Work order = Repeat the data in full. Drop every picture.

Stored data =

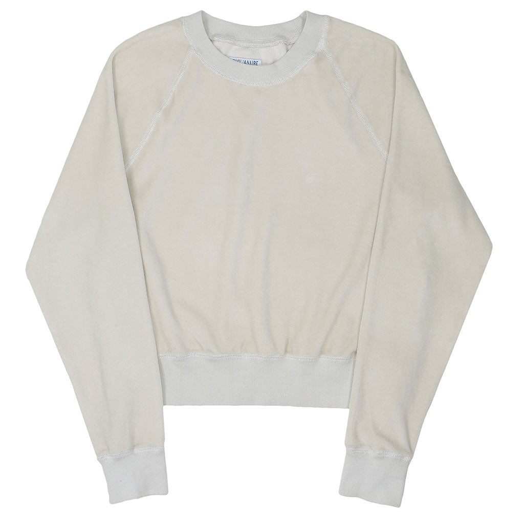 Long Sleeve Cropped Velour Raglan Crewneck - Ash
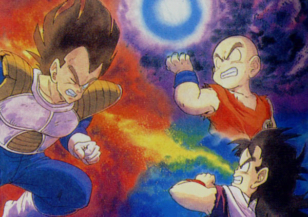 lugar. Gohan llama la atención de Vegeta mientras Krillin intenta hacer una Kienzan al
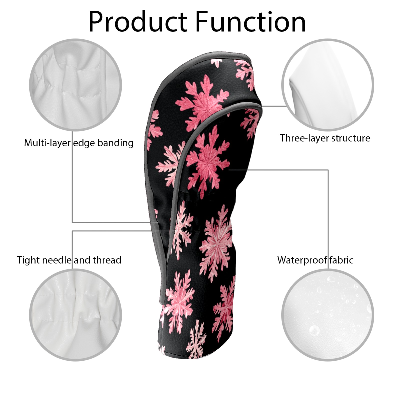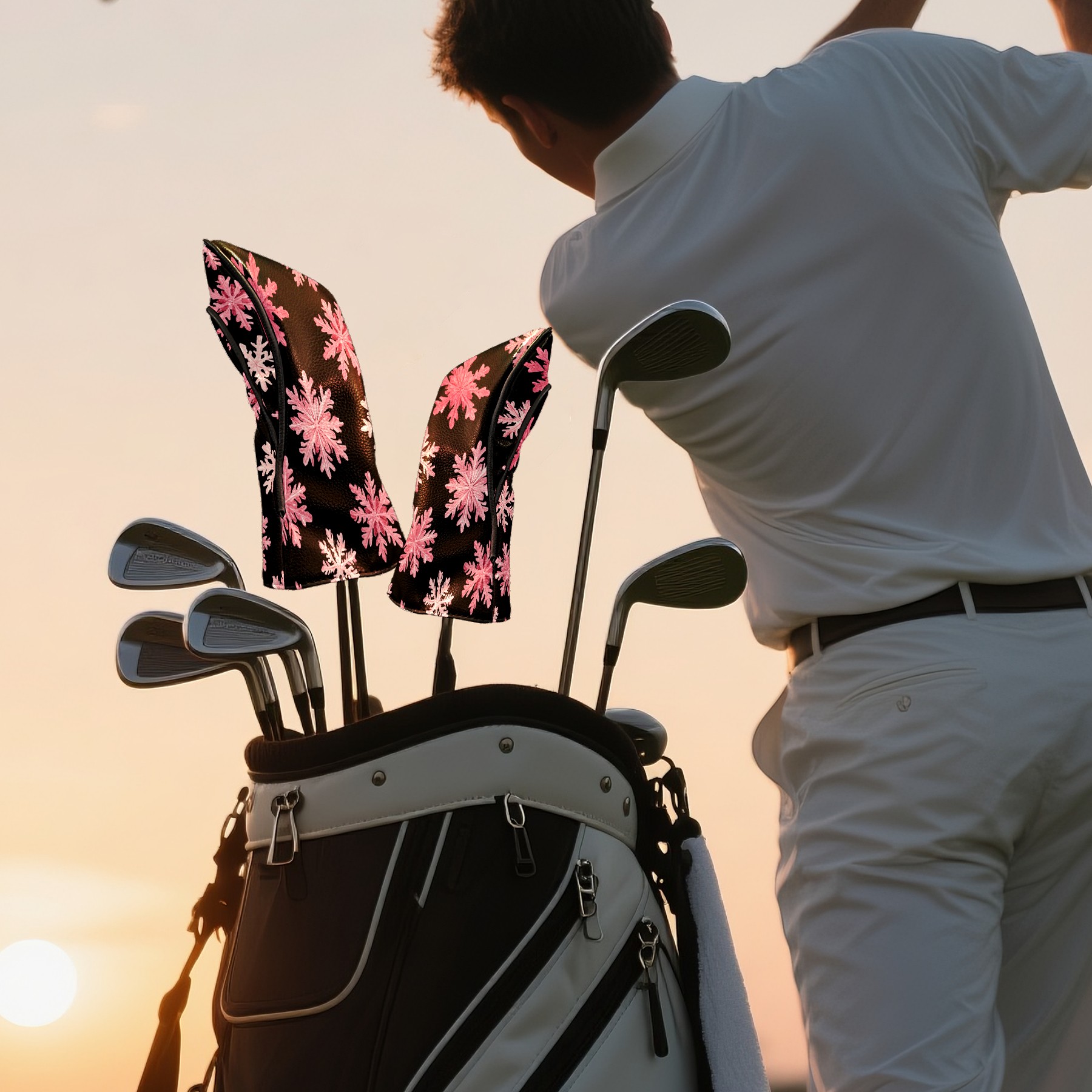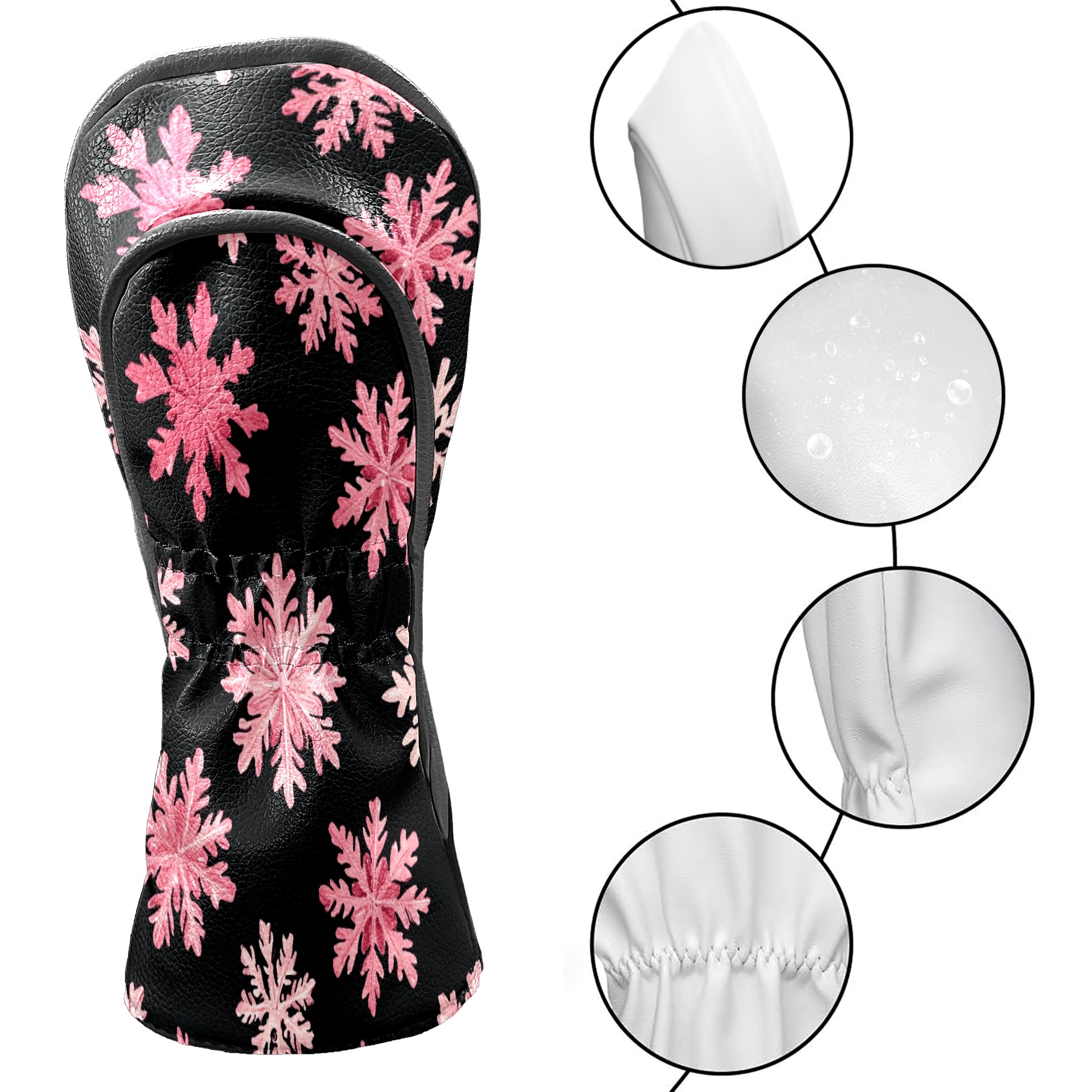 Golf Headcovers Fits Driver Hybrid Fairway 3/5 Wood, Waterproof PU Leather Golf Club Protector, Ideal Sports Accessories & Golfer Gift Pink Snowflake Pattern3

Solution to the exercise =
 Long Sleeve Cropped Velour Raglan Crewneck - Ash
 lugar. Gohan llama la atención de Vegeta mientras Krillin intenta hacer una Kienzan al
 Golf Headcovers Fits Driver Hybrid Fairway 3/5 Wood, Waterproof PU Leather Golf Club Protector, Ideal Sports Accessories & Golfer Gift Pink Snowflake Pattern3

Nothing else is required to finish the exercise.